Я записала множество рифм на слово «зимы»: умы, тюрьмы, сумы… Но как я ни старалась, строчка не выходила. В голове было пусто, мозг отключился. Так досадно: не хватает всего одной жалкой строчки!
После ужина позвонила Анника:
— Просто хотела узнать, как у тебя дела.
— Спасибо, хорошо.
Так всегда говорят. Но на этот раз слова были искренними. Мне и вправду было хорошо.
Я чувствовала, как она думает, собираясь что-то сказать. Я знала, о чем пойдет речь, и ждала, когда она заговорит. Села на пол в своей комнате, туго натянутый провод телефона прижало дверью.
— Вы поговорили?
Осторожный вопрос, деликатный тон.
— Она не захотела, — ответила я приглушенным голосом. — Я пыталась… То есть… Не было подходящего момента. Ничего не вышло. Она очень… расстроилась.
— А ты?
— Я?
— Ты расстроилась?
— Да… Ей пришлось принимать таблетки… успокоительное.
Стоило мне вспомнить об этом, как внутри снова что-то сжалось.
— Лаура, ты не виновата.
— Ну да…
— Не позволяй себе думать, что ты виновата.
Ком переместился вверх, в горло.
— Ей тогда никто не помог, она так и не проработала, не проговорила свою утрату. А потом заперла эту травму внутри себя. И это не имеет отношения к тебе. Даже не думай.
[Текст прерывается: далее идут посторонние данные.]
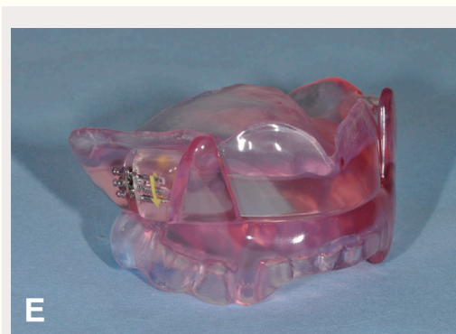
Figur 1E. SomnoDent EDENT® søvnapnéskinne for tannløs overkjeve.

ene åpne gjennom natten. Man skal imidlertid være klar over at ikke alle pasienter responderer like effektivt.

Глаза защипало. Мне стало грустно, но это была не холодная и одинокая печаль. Слова Анники, ее забота, ее решительное сочувствие согревали меня, пробуждали радость посреди грусти. Как на день Люсии, в актовом зале школы. Печаль и вместе с ней радость. Радостная печаль. Печальная радость. Я вспомнила слова, вышитые на салфетке в доме престарелых, где жили бабушка с дедушкой: «Разделенная радость вдвое больше, разделенная печаль вполовину меньше». Я запомнила это сразу, как только разгадала тайну букв, — в то время я читала все подряд, все надписи, все, что состояло из букв. Тогда я и не думала о том, что означают слова на салфетке. А сейчас вдруг вспомнила. Вышитая крестиком мудрость.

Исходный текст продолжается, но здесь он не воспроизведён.